• [Records to use]
________________________________________
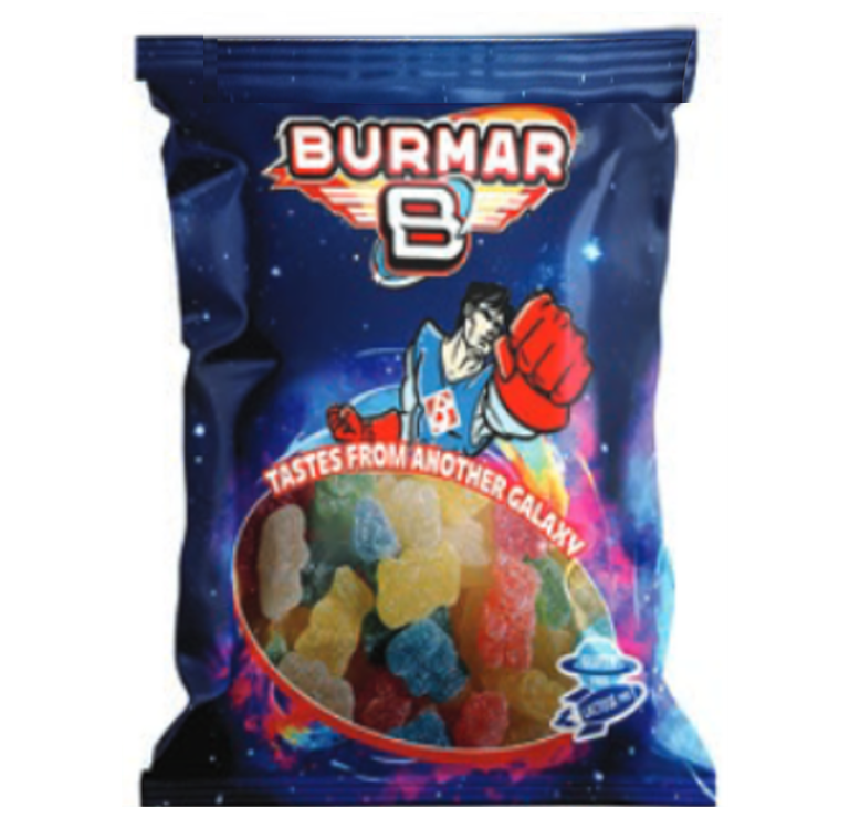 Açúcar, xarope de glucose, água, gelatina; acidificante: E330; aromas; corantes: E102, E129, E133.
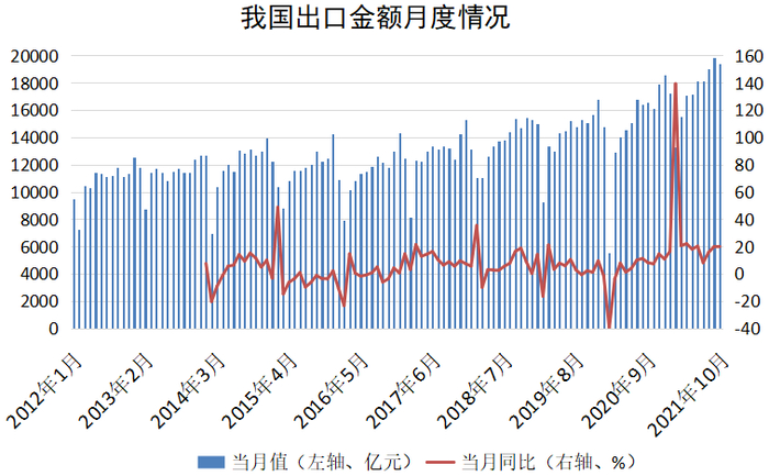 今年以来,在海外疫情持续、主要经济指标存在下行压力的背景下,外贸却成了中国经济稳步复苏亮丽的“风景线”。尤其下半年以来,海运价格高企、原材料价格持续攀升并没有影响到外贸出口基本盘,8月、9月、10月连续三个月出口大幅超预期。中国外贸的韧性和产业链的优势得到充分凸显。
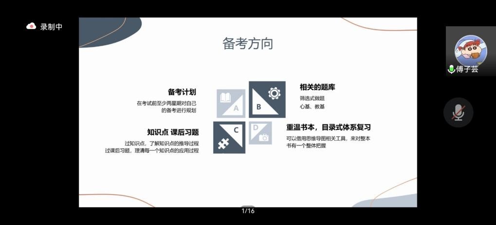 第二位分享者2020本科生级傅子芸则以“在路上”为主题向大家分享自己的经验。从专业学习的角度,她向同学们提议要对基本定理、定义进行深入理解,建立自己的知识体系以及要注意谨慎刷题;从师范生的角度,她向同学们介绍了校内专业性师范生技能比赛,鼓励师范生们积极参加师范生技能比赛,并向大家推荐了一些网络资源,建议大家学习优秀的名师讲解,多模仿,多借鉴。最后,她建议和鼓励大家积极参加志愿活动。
________________________________________
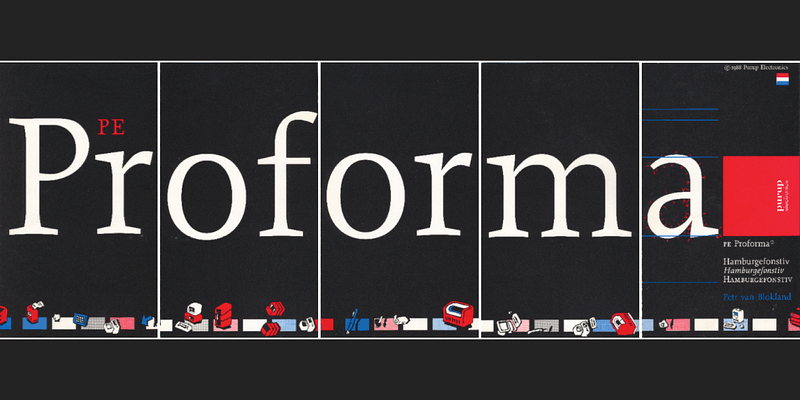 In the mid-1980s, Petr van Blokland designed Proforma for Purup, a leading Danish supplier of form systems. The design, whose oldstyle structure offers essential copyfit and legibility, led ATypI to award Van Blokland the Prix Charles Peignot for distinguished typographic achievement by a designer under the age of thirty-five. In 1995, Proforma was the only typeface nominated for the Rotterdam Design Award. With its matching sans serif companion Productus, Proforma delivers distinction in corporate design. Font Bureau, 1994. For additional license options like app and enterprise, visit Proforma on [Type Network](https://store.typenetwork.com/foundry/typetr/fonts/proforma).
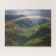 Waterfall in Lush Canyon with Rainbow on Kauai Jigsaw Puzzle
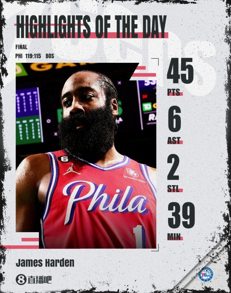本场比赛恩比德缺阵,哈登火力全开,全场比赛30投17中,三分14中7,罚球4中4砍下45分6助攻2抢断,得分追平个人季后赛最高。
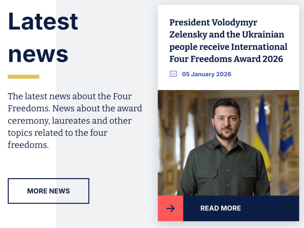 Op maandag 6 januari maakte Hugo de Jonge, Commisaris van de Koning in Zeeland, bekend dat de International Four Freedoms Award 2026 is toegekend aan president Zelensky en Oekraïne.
________________________________________
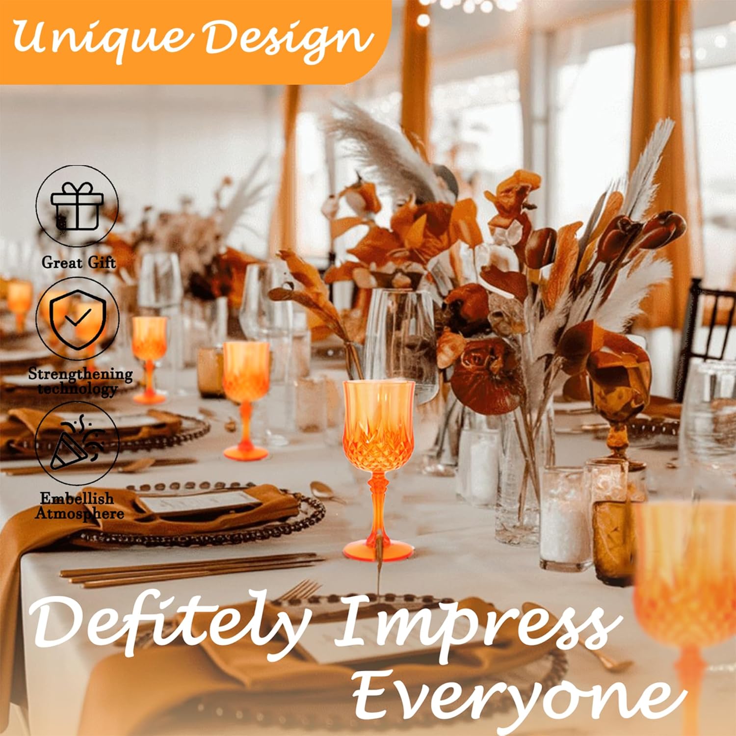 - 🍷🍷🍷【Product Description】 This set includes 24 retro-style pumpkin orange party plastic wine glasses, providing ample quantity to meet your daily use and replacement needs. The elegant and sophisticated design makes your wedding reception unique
________________________________________
• [What the task requires] What is needed is an exact copy of the lines above, from the one holding "In the mid-1980s, Petr" down to the one holding "Waterfall in Lush", with those two included and the pictures left out.

• [Response to the exercise]
 In the mid-1980s, Petr van Blokland designed Proforma for Purup, a leading Danish supplier of form systems. The design, whose oldstyle structure offers essential copyfit and legibility, led ATypI to award Van Blokland the Prix Charles Peignot for distinguished typographic achievement by a designer under the age of thirty-five. In 1995, Proforma was the only typeface nominated for the Rotterdam Design Award. With its matching sans serif companion Productus, Proforma delivers distinction in corporate design. Font Bureau, 1994. For additional license options like app and enterprise, visit Proforma on [Type Network](https://store.typenetwork.com/foundry/typetr/fonts/proforma).
 Waterfall in Lush Canyon with Rainbow on Kauai Jigsaw Puzzle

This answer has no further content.